Он сделал паузу, вглядываясь в пять или шесть шрапнельных дымков, вдруг всплывших там, над пулковскими деревьями.
— От Виттолова бьет! — пробормотал он. — Хороша там позиция у него! Ну так вот... Мы с вами сейчас здесь, в этой вот ложбинке (он ткнул спичкой в карту), километрах в пяти от Нижнего Панова. Противник двенадцатого числа захватил Русское и Финское Койерово, Сосновку и Константиновку. Это создает серьезнейшую угрозу и для самого Пулковского рубежа. Приказано в восемь часов сорок минут начать мощную артиллерийскую подготовку и перейти в наступление. У других частей — другая задача там, на Красносельском направлении. Здесь же, перед нами — дивизия, которая должна восстановить положение и в течение дня вновь овладеть Финским Койеровым — Константиновкой. Атаку поручено поддерживать нам. — Он вдруг радостно улыбнулся. — Да, нам. В самом опасном месте! Вы уже видели там, за горкой наши машинки... Не мне и не вам объяснять, что это такое, товарищи военинженеры. Но, как видите, оценивают их хорошо, раз нам оказывают такое доверие.

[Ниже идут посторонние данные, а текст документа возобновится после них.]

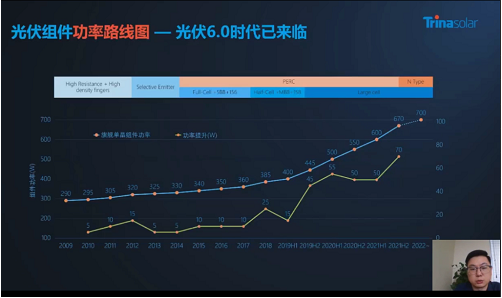 根據(jù)光伏組件功率路線圖顯示,光伏6.0時(shí)代已來臨。天合光能主要是在210mm 硅片、無損切割技術(shù)、低電壓設(shè)計(jì)、高密度封裝、多分片設(shè)計(jì)、MBB等幾大方面進(jìn)行創(chuàng)新。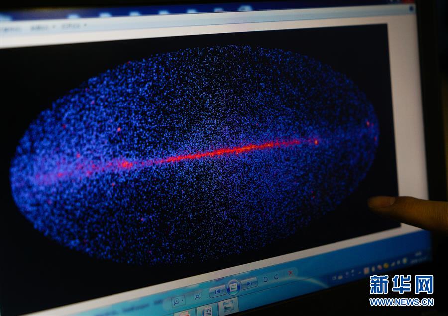 11月30日,國際權(quán)威學術(shù)期刊《自然》在線發(fā)布,暗物質(zhì)粒子探測衛(wèi)星“悟空”在太空中測量到電子宇宙射線的一處異常波動。暗物質(zhì),一個人類追尋多年的宇宙魅影,被中國“悟空”發(fā)現(xiàn)了疑似蹤跡。(新華社記者李響攝)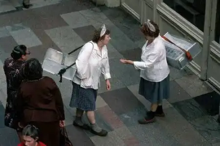 Обычно, пожилые женщины в белых, торговали папиросами и прохладительными напитками «Дюшес»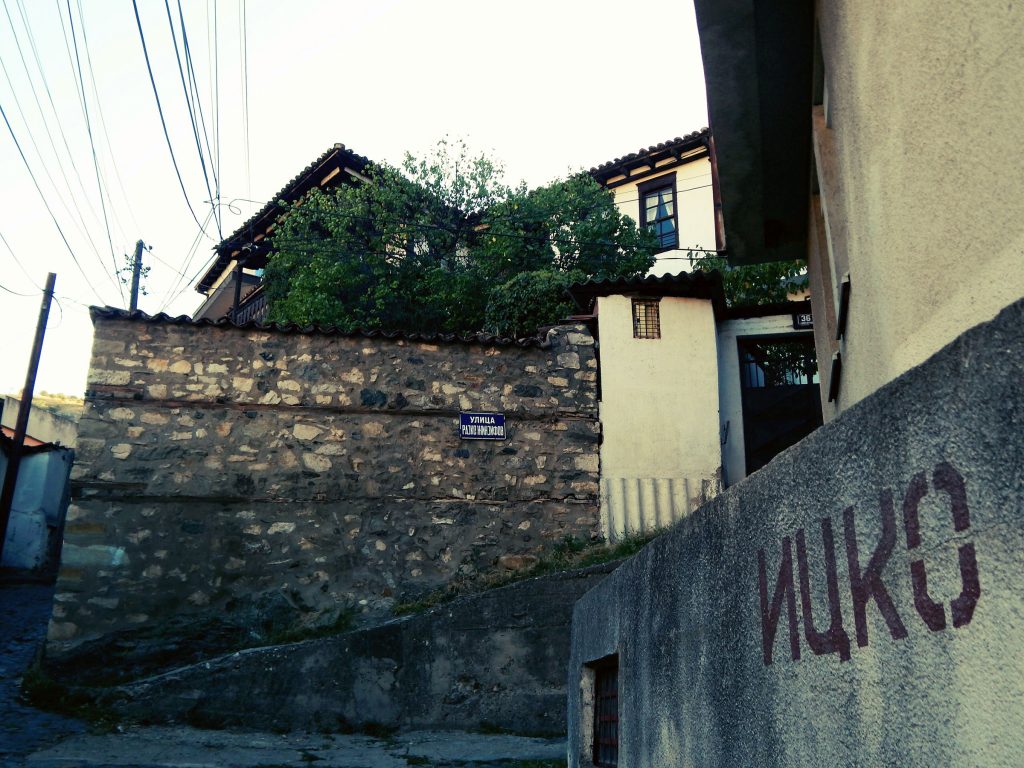 „Горното маало“ над Europe House: првата куќа – 1908 година; подолу уште неколку староградски, декорирани. Трафостаница преполна со графити – за жал, само вандализам. Погоре, на гаража: „Не паркирај“ – некој мајтапџија допишал „Оти?“.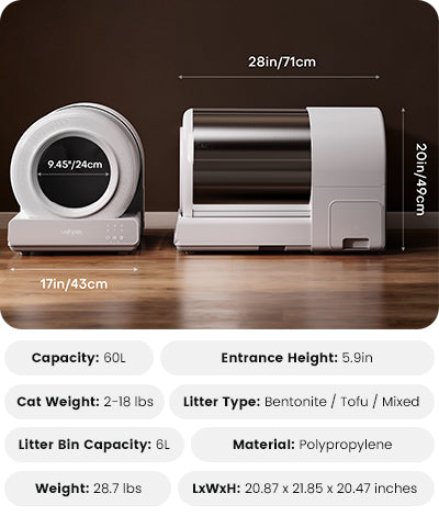The litter chamber capacity is 60L with a 150mm raised base and a wide 240mm entrance, making it easy for cats to enter and exit. It’s suitable for cats up to 10kg, allowing them to turn around comfortably. The cave-like design provides a natural, secure space for cats to use the litter box.

В других местах они действовали не плохо. И тут я выбрал прекрасный наблюдательный пункт: эффект нашего огня мы увидим, как на ладони, как на макете, товарищи. А теперь остается ждать...
Да, они видели за горкой «машинки», о которых говорил подполковник: тяжелые грузовые автомобили, несущие на себе нечто вроде пожарных лестниц или понтонов, укутанных брезентом. Они хорошо знали, что это такое; это были первые в военной практике XX века ракетные минометы, рожденные к жизни дарованием ученого коллектива советских инженеров.
Инженер Гамалей сам работал над задачами такого типа. Он отлично понимал, что будет значить, если эти странные пожарные лестницы оправдают надежды, которые на них возлагались. Это будет значить, что эпоха обычных войн и привычного всем нам оружия заканчивается. Начинается время фантастических боев, такой техники, о которой мы читали только в романах. Чтобы создание таких орудий стало возможным, — какой громадный путь с тех дней, с семнадцатого года, должна была пройти страна!
— Ну, что ж, друзья мои, — по-домашнему сказал подполковник, взглянув еще раз на часы, — четверть девятого. Тронемся, пожалуй.
Холм, на который они поднялись, Владимир Гамалей знал и помнил еще с детства. Тогда холм был гол; теперь за несколько лет до войны пригородный совхоз засадил его, как и многие другие, шиповником; хотели добывать тут витамин «С». Шиповник разросся; «витамин» мог теперь служить надежным укрытием для войск.
С холма действительно открылась широкая панорама. Видна была та, укрытая с юга низким гребнем, горизонтальная площадка дороги, которую проводивший испытания дивизион избрал для своей огневой позиции; виден был в профиль сам гребень и равнина за ним, в кустарниках которой отсюда было заметно смутное движение. Там, в этих зарослях, накапливались перед атакой части дивизии народного ополчения.